Koozali.org formerly Contribs.org

SNORT/acid default rules...

Guck Puppy

SNORT/acid default rules...
« on: May 12, 2003, 09:49:29 PM »
I just installed this IDS thingy and it's doing what it's supposed to do. The "Guardian" part of it (http://www.chaotic.org/guardian/) is also doing what it's supposed to do (block the IP address of the "attacker" for 24 hours).

I just wanted to point to anyone who fits into any of the following categories that the default setup may need a bit of tweaking :

- you host public websites you want spidered by search engines
- you host your own primary dns which you want seconded by an external nameserver

by default, snort & guardian will

- block any ip (for 24 hours) that asks for your robots.txt file
  (edit /etc/web-misc.rules)

- block any ip (for 24 hours) that attempts a dns zone transfer
  (edit /etc/dns.rules)

This is probably all fine and good for the majority that don't run dns or web - although even for them, the ports would not be open so why would you monitor?

Also I was surprised that the snort rules weren't templated... although I guess the automatic updating of the rules could have something to do with that.
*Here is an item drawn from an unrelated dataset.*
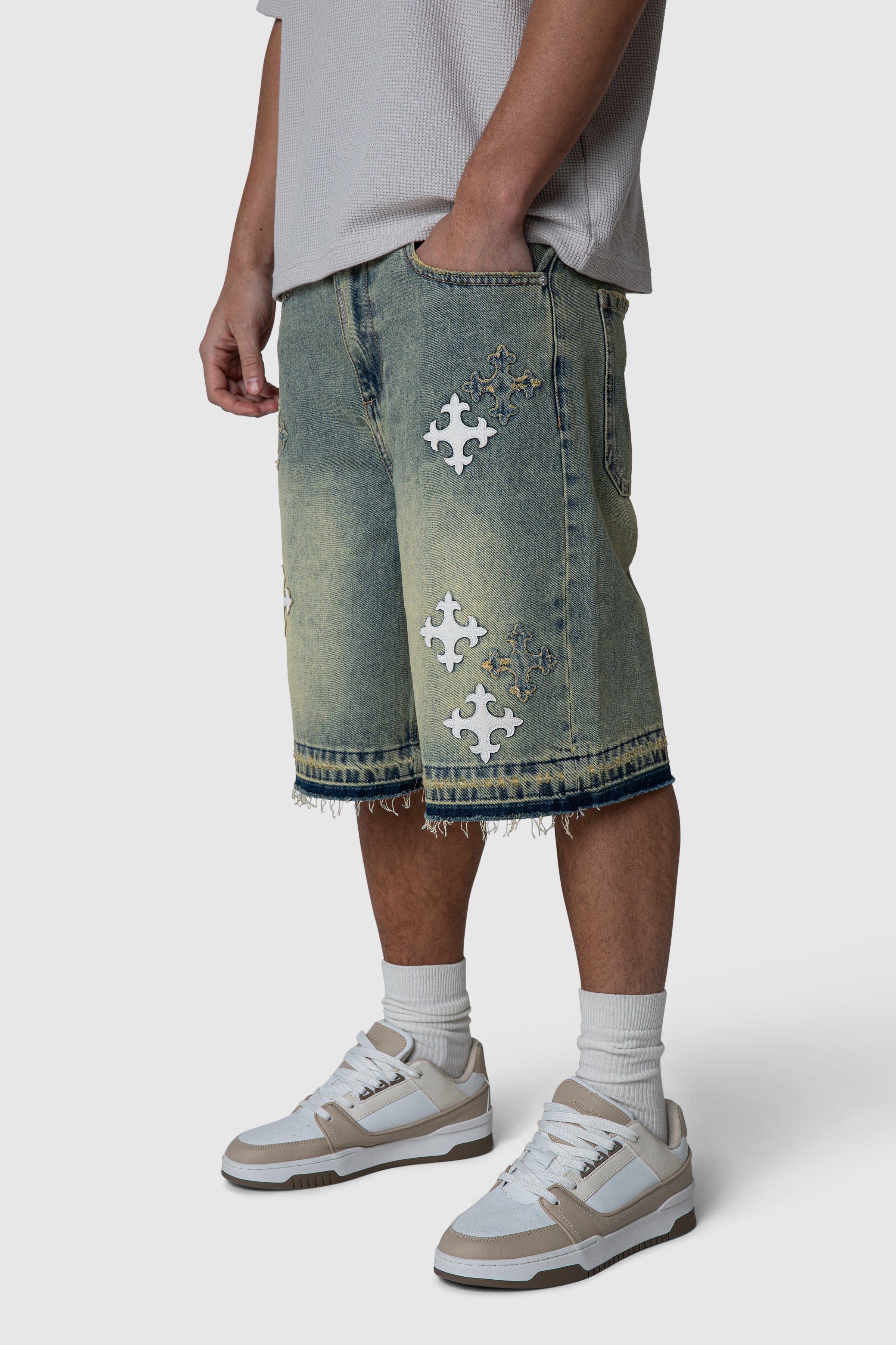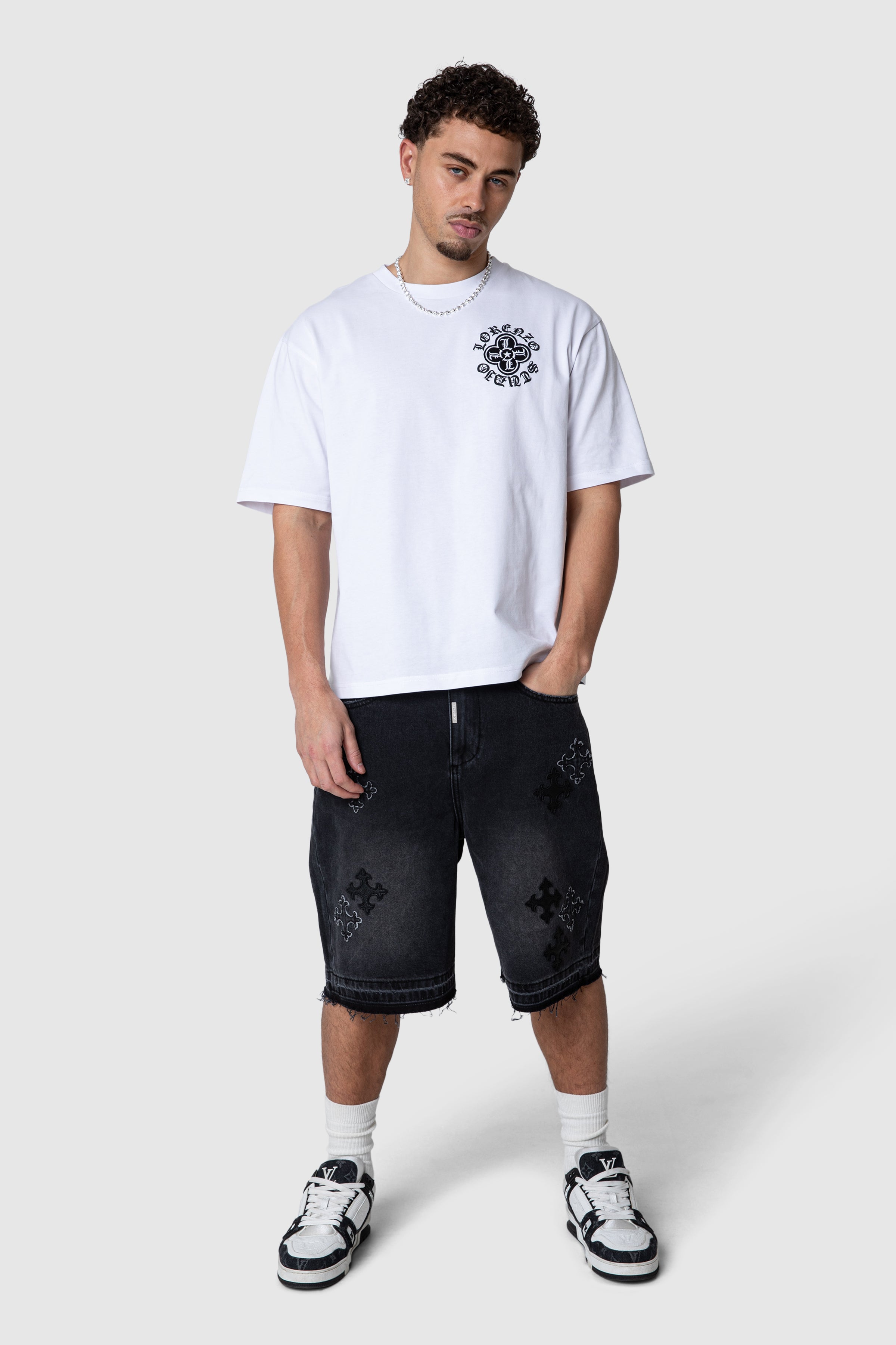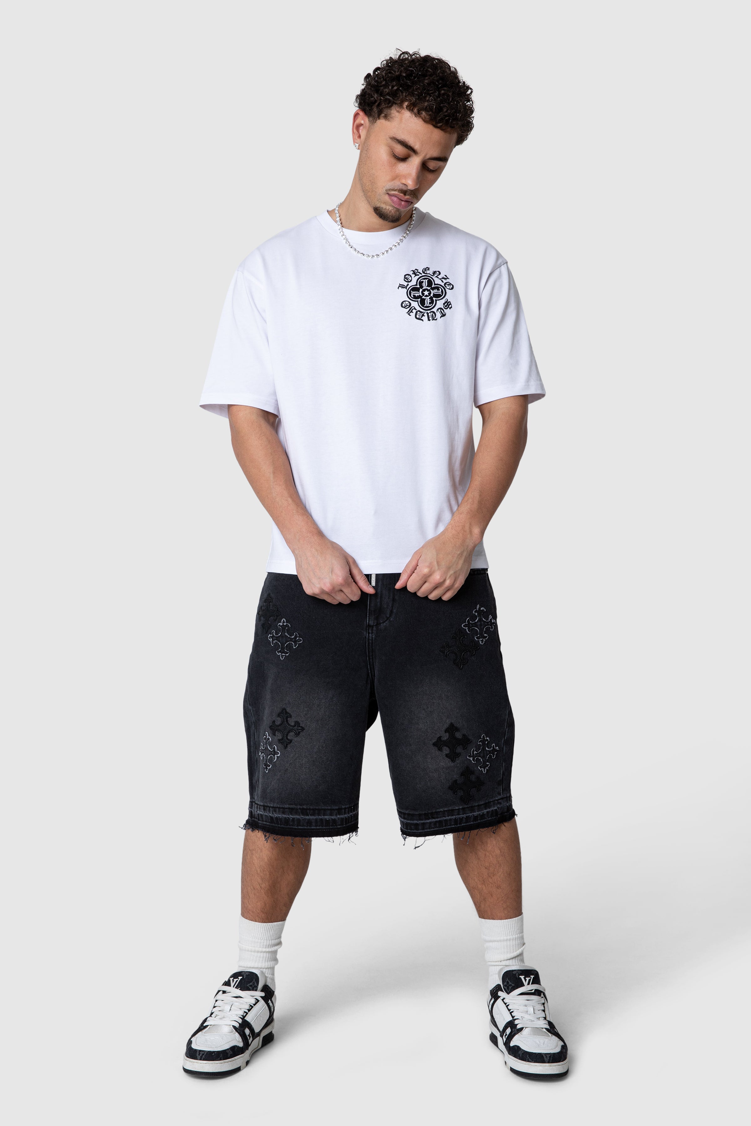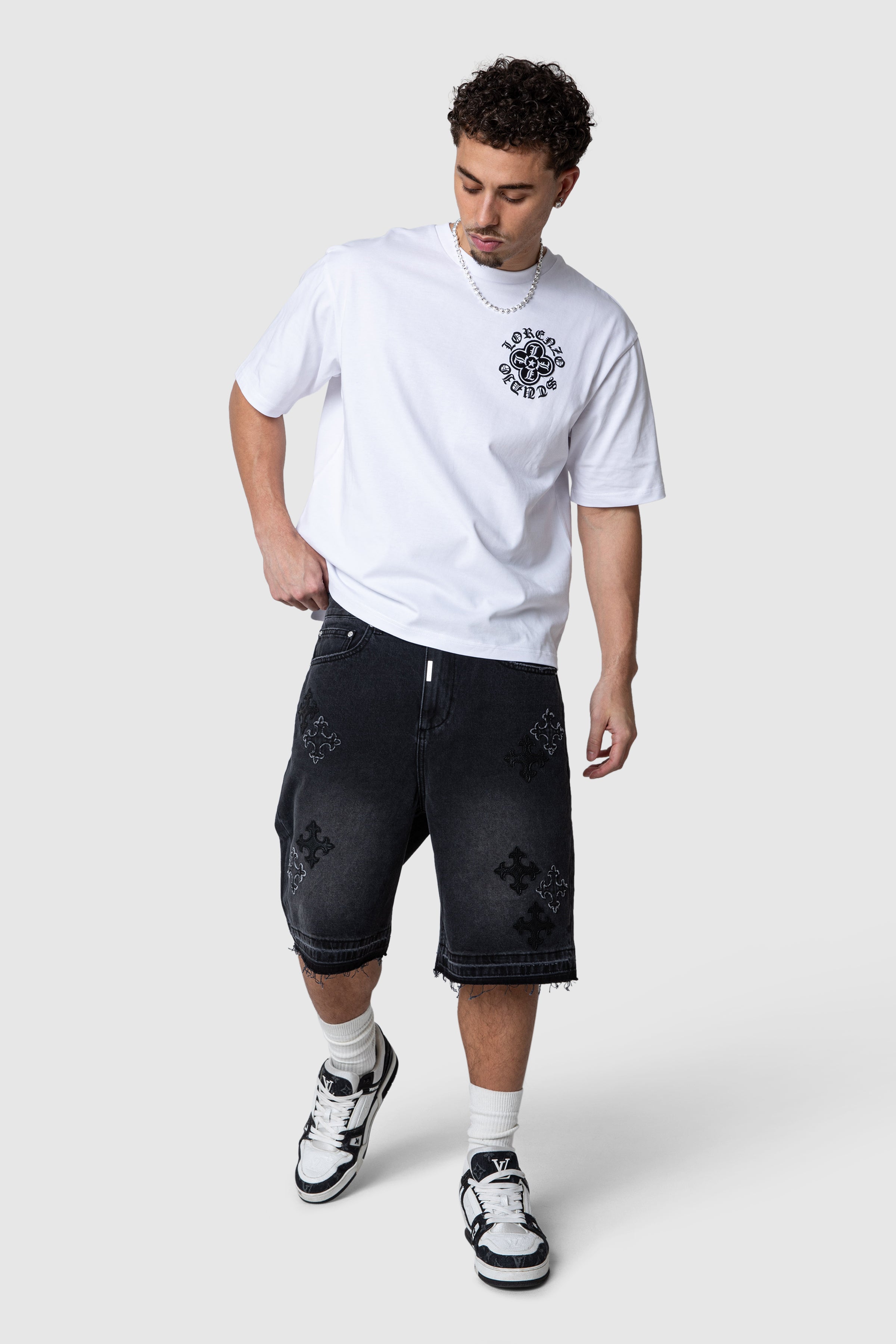 A rigid denim short defined by a clean, classic construction. Finished with cotton poplin pocket bags and brushed silver hardware, it balances everyday wearability with subtle branded detailing. A debossed leather patch adds a premium finishing touch.

Actually, with that in mind, I wonder what will happen to the rules I have turned off once the weekly rule update happens?



Re: SNORT/acid default rules...
« Reply #1 on: May 15, 2003, 02:48:15 AM »
I think the snort rules are located under the "rules" directory and you define which rules to use in /etc/snort/snort.conf.  The snort.conf doesn't get updated with the weekly updated.  Just going from memory here since I'm away from my SME.

Guck Puppy

Re: SNORT/acid default rules...
« Reply #2 on: May 22, 2003, 06:55:39 AM »
You are correct.

That web-robots rule I mentioned... I'm trying to figure out how I can make sure it stays disabled (so guardian doesn't block the spider) while at the same time getting regular rule updates... perhaps some combination of grep and sed...?


Guck Puppy

Re: SNORT/acid default rules...
« Reply #3 on: May 24, 2003, 12:22:33 AM »
It's not pretty, but you can use grep to remove rules you don't want when the update happens.

I added these lines to update-rules.sh after the rules are copied in place :

# remove excluded rules
/bin/grep -v --extended-regex "WEB-MISC robots?.txt access" /etc/snort/web-misc.rules > /tmp/snort_web-misc.rules
/bin/grep -v --extended-regex "DNS zone transfer ..." /etc/snort/dns.rules > /tmp/snort_dns.rules
mv /tmp/snort_web-misc.rules /etc/snort/web-misc.rules
mv /tmp/snort_dns.rules /etc/snort/dns.rules

the "grep -v" thing means "give me everything in the file that doesn't match" effectively removing the rules you don't want.